Fundamentally, we can only do as well as your library can, right? (and that's better than nothing!) For example, we have a read_html function that can handle many kinds of tables, but doesn't try to deal with malformed tables, etc.

That said, if you can either produce a list of lists or a list of ndarrays (or an ndarray of ndarrays), it's very simple to incorporate into pandas. (we'd just pass it to our underlying TextParser and do whatever type inference user requests). ping me if you're interested.

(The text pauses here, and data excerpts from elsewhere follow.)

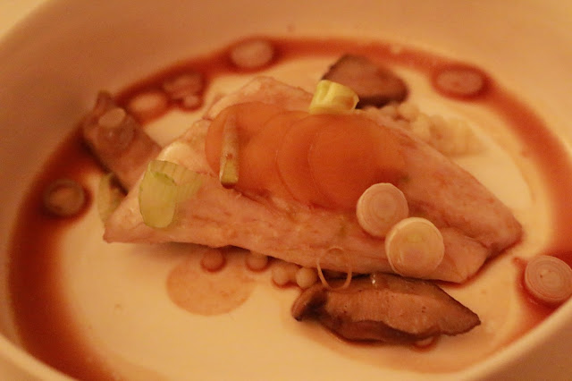 Course 2b: filet of seabass, poached with bay leaves served with spring onion, mushrooms in a 10-year-old soy sauce.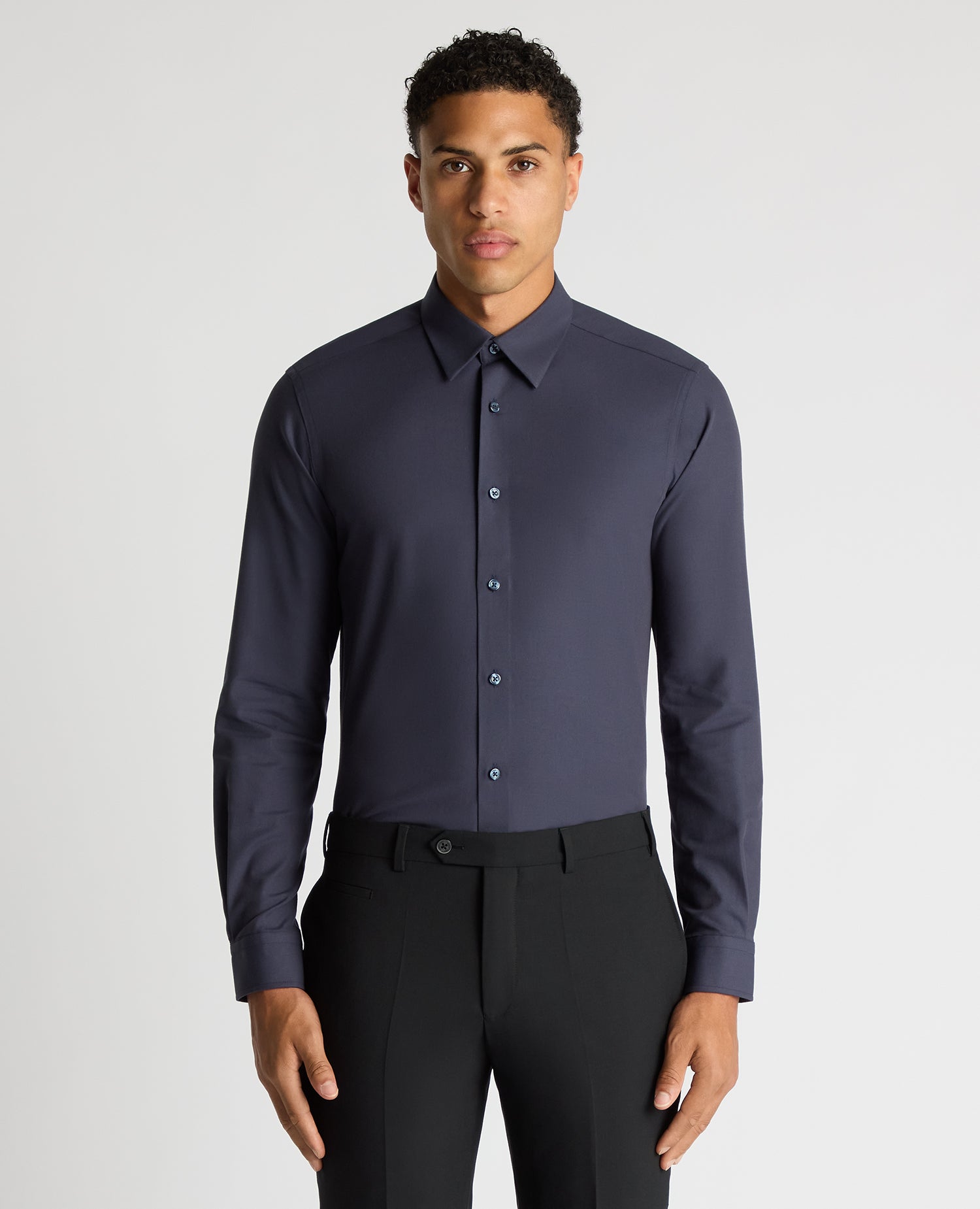 The Jenson navy fine woven twill regular fit shirt, crafted in our comfort stretch fabric, offers ultimate comfort with a blend of cotton and Spandex. This shirt features a more fitted cut across the chest and arms, with a generous fit along the torso and waist. It includes a pointed collar with a contemporary bluff edge shape and lightweight interlining. Finished with a french front button closure, rounded cuffs, and tailed hem complete the look.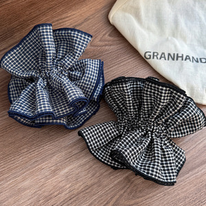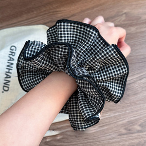 韩系简约格子多层大肠发圈女高级感丸子头发绳头绳头花低马尾发饰
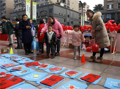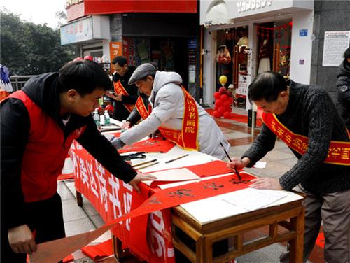 志愿者為群眾免費(fèi)書寫春聯(lián)。王超明 攝
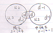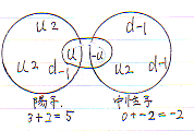 また、陽子の中にdが入って、中性子の方に-dが入っている状態の時は、陽子が2、中性子が1です。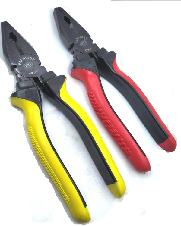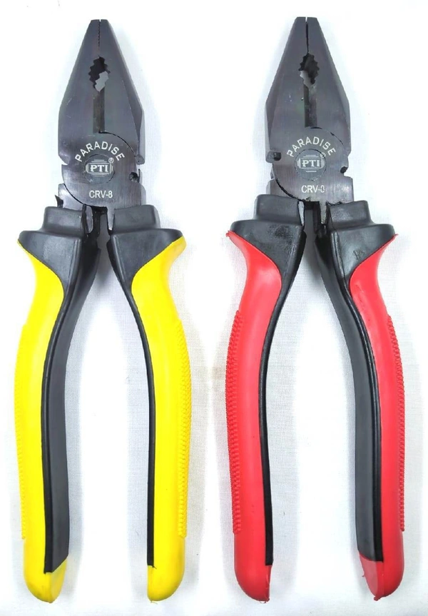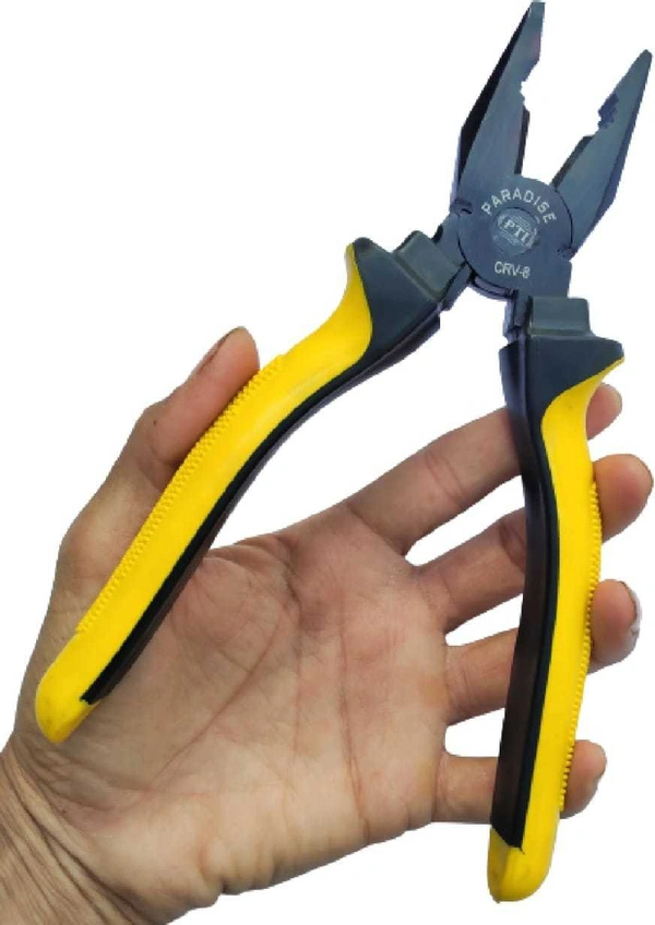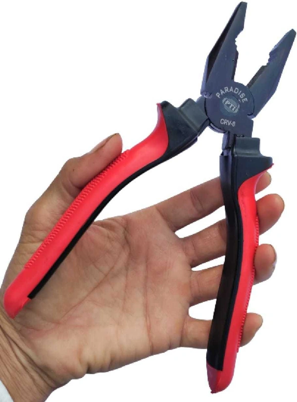 A combination plier is a hand tool used for gripping, cutting and bending wire. An 8-inch combination plier typically has a forged, heat-treated steel construction for strength and durability, with a soft grip handle for comfortable use. The plier has multiple functions including cutting wire, gripping and twisting wires, and bending wires. It has two pairs of jaws: one for gripping and the other for cutting. The cutting jaws are sharpened for efficient cutting of wire, while the gripping jaws have teeth to hold objects securely. Plier is designed to help lineman and electricians work with wire and cables. The plier is designed to let them cut, strip or twist wires conveniently.

jtratner commented 11 years ago

Sorry I'm rereading your comment some more - I skimmed it once and then realized I missed some things. Pandas can handle heterogeneous data types and is pretty good at figuring out how to take text input (csv, excel, html, json) and convert it correctly (including converting types correctly). Pandas can handle hierarchical columns and indices. If you want to do a really simple interface, you could just transform a cell that's of size 5 into the same value repeated 5 times. (and then the user can decide whether they want it as a MultiIndex (hierarchical columns or indices) or leave it as is)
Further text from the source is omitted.